Melanoma accounts for nearly 55500 cancer deaths annually worldwide. Most mutations in melanoma occur at the level of BRAF with an upregulation of the MAPK pathway. BRAF mutations prompted the development of BRAF inhibitors which cause resistance through a signalling cascade mediated by MEK. This, in turn, led to the development of MEK inhibitor therapies. Today, the combination of BRAF and MEK inhibitor therapy is considered an optimal treatment strategy for metastatic BRAF-mutated melanoma and has shown improved survival rates compared with monotherapy.
Three BRAF inhibitors (dabrafenib, vemurafenib, and encorafenib) and three MEK inhibitors (trametinib, cobinimetinib, and binimetinib) are approved both in Europe and the US. Common combination therapies include dabrafenib and trametinib, vemurafenib and cobimetinib, and encorafenib and binimetinib. However, several studies have reported the incidence of cardiovascular adverse events (CVAEs) associated with BRAF and MEK inhibitors, especially a reduction in left ventricular ejection fraction (LVEF), arterial hypertension, and prolongation of QTc interval.

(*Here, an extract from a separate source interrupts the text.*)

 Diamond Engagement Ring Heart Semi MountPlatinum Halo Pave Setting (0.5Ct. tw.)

In this review, the researchers wanted to clarify the type, incidence, and risk of CVAEs in patients with melanoma and who are treated with a combination of BRAF and MEK inhibitor therapy compared with patients who received BRAF inhibitor monotherapy. The endpoints of the study included pulmonary embolism, a decrease in LVEF, arterial hypertension, myocardial infarction, atrial fibrillation, and QTc interval prolongation. Patients were divided into two groups - the BRAF+MEK inhibitor group and the BRAF inhibitor monotherapy group.
Key findings from the study were as follows:
- BRAF+MEK inhibitor therapy was associated with a higher risk ratio of pulmonary embolism, decrease in LVEF, and arterial hypertension compared with BRAF inhibitor monotherapy.

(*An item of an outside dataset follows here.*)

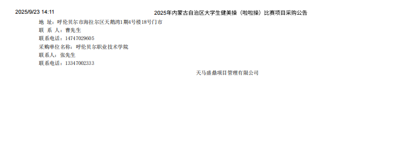 2025年内蒙古自治区大学生健美操(啦啦操)比赛项目采购公告

- BRAF+MEK inhibitor therapy was not associated with higher rates of myocardial infarction, atrial fibrillation, or QTc interval prolongation compared with BRAF inhibitor monotherapy.
- The risk ratio of high-grade decrease in LVEF and high-grade arterial hypertension were higher in the BRAF+MEK inhibitor group compared to the BRAF inhibitor monotherapy group.
- A higher risk of a decrease in LVEF was associated with patients with a mean age younger than 55 years.
- BRAF+MEK inhibitor therapy was associated with a higher risk of pulmonary embolism.
These findings clearly indicate the need for greater awareness of CVAEs in patients with melanoma who are treated with BRAF and MEK inhibitors. Guidelines clearly state that therapy with BRAF and MEK inhibitors should be stopped in patients with stage 2 hypertension (systolic BP more than 160 mmHg or diastolic BP more than 100 mm Hg). In patients with an asymptomatic decrease in LVEF of 10% or more from baseline, BRAF inhibitors can be continued, but MEK inhibitors must be stopped. Therapy with MEK inhibitors should only be resumed in the event of recovery of LVEL to normal values. In the event of heart failure or a decrease in LVEF of 20% or more from baseline, therapy with BRAF inhibitors should be stopped and should be resumed at the same dosage if the patient recovers. MEK therapy should be discontinued permanently in such patients. Treatment with BRAF inhibitors should not be initiated in patients with QTc of more than 500 milliseconds, and BRAF treatment should be stopped at a QTc of more than 500 milliseconds or at an increase in QTc of more than 60 milliseconds from baseline. Overall, BRAF and MEK inhibitor treatment should be considered separately for every individual.
Treatment with BRAF and MEK inhibitors is associated with an increased risk of CVAEs and should be used with caution and carefully discussed and analysed by cardio-oncology teams for the optimal treatment of patients with melanoma.